Forum Moderators: Robert Charlton & goodroi
I have a forum site that has existed for about a 18 months.
About 14 months ago I changed forum software from SMF to vBulletin. The SERPs on the first 4 pages of Google, when using the site: command, are full of non-existent pages from the old forum. I've checked and all of these return a 404 header.
From about page 5 onwards, the new vBulletin forum has several thousand pages listed as supplemental - about 20 of which go into the main index for a few days every month - before reverting to supplemental.
The only pages that are listed consistently in the main index are the home page and two general information pages.
The site doesn't have a huge amount of incoming links, but it does have some reasonable ones - enough to any other sites that I've worked on indexed properly.
Yahoo and MSN have a full and current index of the site and it performs fairly well for most relevent search terms.
Any suggestions woud be gratefully received.
That is what Supplemental Results are. They are older content, removed content and duplicate content.
There is no way to control this action. You can safely ignore them.
What you should be measuring is how many pages of the current site are fully indexed. THAT is what is important.
Check out all that I wrote in this other thread: [webmasterworld.com...] and the threads that it mentions.
Over 95% of the content of the site has been added since I converted the forum to the new software. Some of the threads were converted from the old forum, but less than 5% remain.
It's the 'fully indexed' part which I am concerned about. Most of the new pages/threads are being added to Google's index, but they are all going into the supplemental index along with the 404 pages.
When I do a search for content on those pages between "commas" the pages are not returned in the SERPs. Although the pages do show up in Google's cache when I look at them after a site: command.

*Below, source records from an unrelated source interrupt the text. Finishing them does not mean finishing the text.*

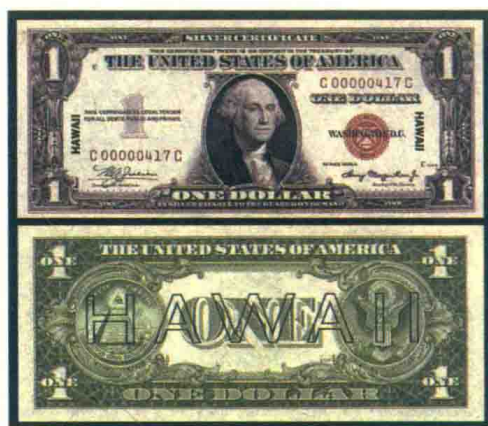
▲套印了“HAWAII”的1美元银圆券。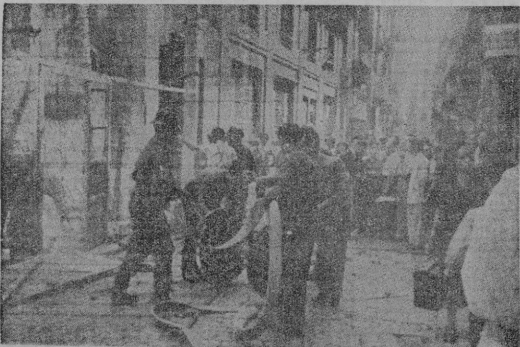
Barcelona.—Los bomberos proceden a situar las mangueras para la extinción del incendio ocurrido anteayer en las obras contiguas a «La Vanguardia»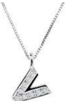
Art. CD900-V LETTERINA "V" Diam. ct.0.03 Gold 18 kt. gr. 1,22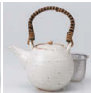
369-405-602 4,050円 サビ志野土瓶(大)(16×10.3×11.3×530cc) 1137340560 369-406-602 4,000円 サビ志野土瓶(小)(13.5×9.4×10.1×370cc) 1137340660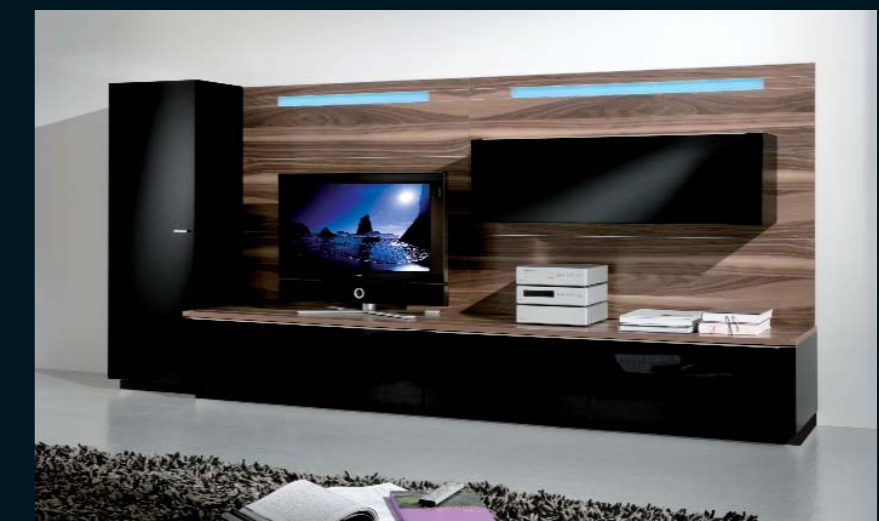
LA 200 · schwarz Seidenmatt, schwarz Hochglanz und Nussbaum noce · Breite 320,0 cm.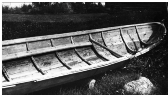
Kyrkbåt från Bygdsiljum. Observera sittbänkar längs relingarna. Foto 1928 av Ragnar Jirlow/Nordiska museet.

större båtar med tre par åror som var ca 8,5 m långa som rymde 16–18 personer. Dels hade man mindre båtar med ett eller två par åror. Båtarna kunde ägas av båtlag eller enskilda personer. På 1700-talet finns även uppgifter i domböcker att man rodde från Östra Falmark. Sannolikt har man åkt med båt längs Bureälven till Bodaträsket och sedan över den sjön till Båtviken. Därefter har man gått längs bäcken över till havet vid Yttervik. Där hade man en annan båt och färden fortsattes över Ytterviksfjärden, Småälvarna, över till Skellefteälven och vidare till kyrkan. Från Burvik finns muntliga uppgifter om kyrkbåtar. Även byn Hjoggböle vid Bureälven rodde vid kyrkbesök längs Burälven fram till Långviken och därifrån använde man vägen till kyrkan i Skellefteå. Byarna vid Skellefteälven nedströms kyrkan samt byn Lund rodde också till kyrkan i äldre tid. Ytterursviken fick väg i början av 1820-talet men vägen var tänkt att användas när isen varken bar eller brast. Alltså sommartid med båt och vintertid med häst och släde. Kyrkbåtarna i området fick en fortsättning 1867 när små ångbåtar sattes in på Skellefteälven vilka gick ända ner till Burvik. Även till kyrkorna i Burträsk, Kalvträsk, Lövånger och Malå har kyrkbåtar använts.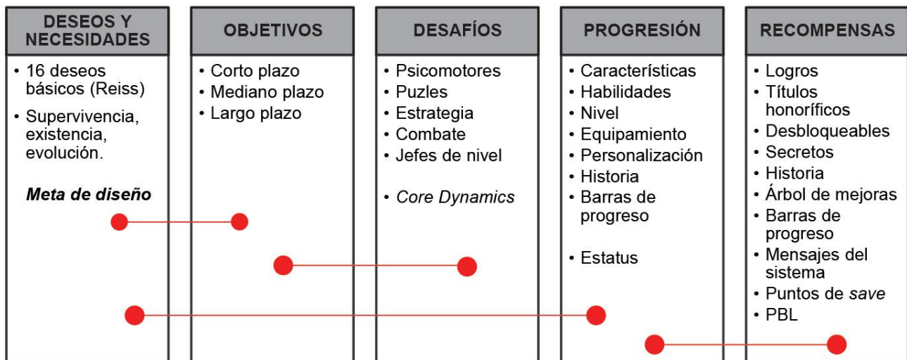
Fig. 1. Componentes de una estructura lúdica según el libro Diseño de juegos en América Latina I: Estructura lúdica (Durgan A. Nallar, 2015).

Cuando un jugador toma contacto con el juego percibe los resultados finales del proceso de diseño, mientras que el diseñador tiende a trabajar a la inversa cuando crea la mecánica del juego. Pareciera un camino correcto; sin embargo, si lo que se desea es que las reglas generen una experiencia determinada en el jugador (y esa será nuestra meta de diseño) es imprescindible diseñar primero la experiencia y después las reglas.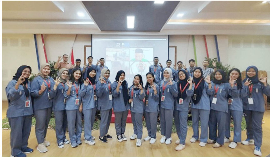
Mahasiswa dari sejumlah perguruan tinggi, termasuk dari Universitas Malikussaleh, diterima magang di PT Indonesia Asahan Aluminium (Inalum), Jumat (23/9/2022).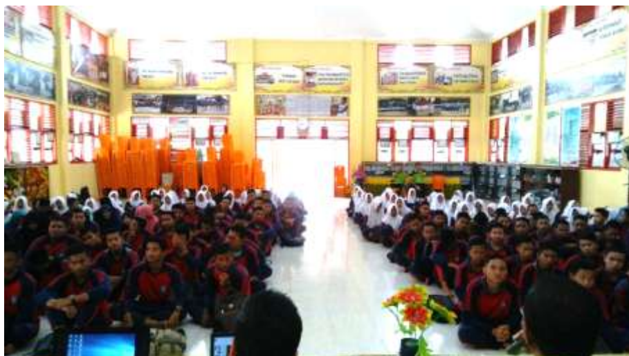
Gambar 7. Siswa Sedang Menyimak Materi Dari Tim Penyaji

Atas uraian dan gambar yang telah dijelaskan sebelumnya, bisa disimpulkan bahwa remaja usia sekolah menengah atas akan banyak meliterasi informasi yang mereka dapatkan dari media sosial. Kegiatan pengabdian ini berupa penyuluhan atau edukasi kepada para siswa tentang bagaimana memanfaatkan media sosial sebagai alternatif referensi sebagai pemilih pemula ke beberapa sekolah. Kegiatan dimulai dengan penjelasan dari tim pengabdian tentang pemilihan umum dan teknis tatacaranya. Penyuluhan dilanjutkan dengan informasi-informasi apa saja yang dapat dimanfaatkan dari media sosial terkait status mereka sebagai pemilih pemula, dan tentunya membekali mereka dengan bagaimana cara yang dapat dilakukan untuk menepis informasi yang sifatnya hoax atau terkait dengan black campaign di media sosial, seperti yang terlihat pada gambar 7.

As I said, about once a month about 30 pages pop into the main Google index, but they only remain there for a day or so, before becoming supplemental again.
That is what can generate a duplicate content problem, and very likely is what is sending your urls into the Supplemental Index. At the very least, it can be a part of the problem.
Here's one thread where g1smd really tears into the issue:
[webmasterworld.com...]
I assume that also applies to 410 GONE?
It shouldn't. A 410 means the resource is GONE, kaput, patooey, ain't there no more. Once the bot receives that response, they should not return to reindex that URI.
A 404 means that the resource was not found. Most spiders will continue to index a 404 numerous times and at some point, will remove it from their index. In Google's case, it takes quite a bit of time (too much time from my perspective).
Pages removed should return a 410. Pages moved should return a 301 (or 302 in appropriate instances).
That's what I thought, too, but I have numerous urls still showing up in Sitemaps after a year+ and they are all returning 410 GONE, and even showing that way in Sitemaps.
They have been spidered numerous times throughout the last year, and many were spidered as recently as yesterday.
Very strange.
Very strange.
I may be wrong on this, and I'm off to find out this moment, but I believe Matt Cutts stated at one time not too long ago that they handled 404 and 410 the same way. Hold on...
Yup, here's a related discussion...
Returning 410 instead of 404
[webmasterworld.com...]
Best practice is to return the proper response. jdMorgan gives an excellent summary in the above topic of how this should be handled.
You ask on here, and no-one can see why they should be. You say that search engines never ask for that page, even though it has dozens of inbound links.
Then Matt Cutts posts and says, "Oh yes, just over 20 years ago that page returned a '410 Gone' response, so we will never access that file ever again."
You would think that daft. For something that is "Gone" of course Google needs to check the status from time to time just in case it is ever not-gone.
There is a world of difference between what Google checks the status of to see if it exists, and what they show in their index as actually existing.
In the same way, they do cache and keep a copy of pages that you tag as "meta robots noindex" but they do not show them in the public index.
They do that as they do need to keep a record of the status of the page. If they didn't keep a record of a page being "noindex" they would come back every day to see what the status was as if they had never accessed the page before. You would call that "broken".
The reason I asked about 410 GONE...
Last year I removed 4,500 pages using the removal console and set-up a 410 GONE response for those pages.
After 14 months, 38 of the pages are still listed in Sitemaps as "Errors."
I always go on the assumption that Google has a reason for what they do (no cat-calls, please), so I'm just curious why the remaining 38 haven't been dropped in case there's something different about them that I don't realize.
The pages are definitely gone and as far as I can tell, there are no external links pointing to them.
It's not a big deal, but I was just curious.
The reason to understand duplicate content issues is that vbulletin, in its default configuration, has a design flaw that allows every thread and every post to have at least 10 different URLs that will access the exact same content.
Sure, most forums are a bit like that. And I've taken the usual robots.txt steps to deal with the worst offenders.
But even where duplicate content is present, Google is fairly good about choosing one source of URLs to index, whilst assigning the duplicates to the supplemental index. And of course there are tens of thousands of extensively indexed vBulletin forums around the world.
The problem here is that not a single thread from the forum - not even the main boards - are in the main Google index.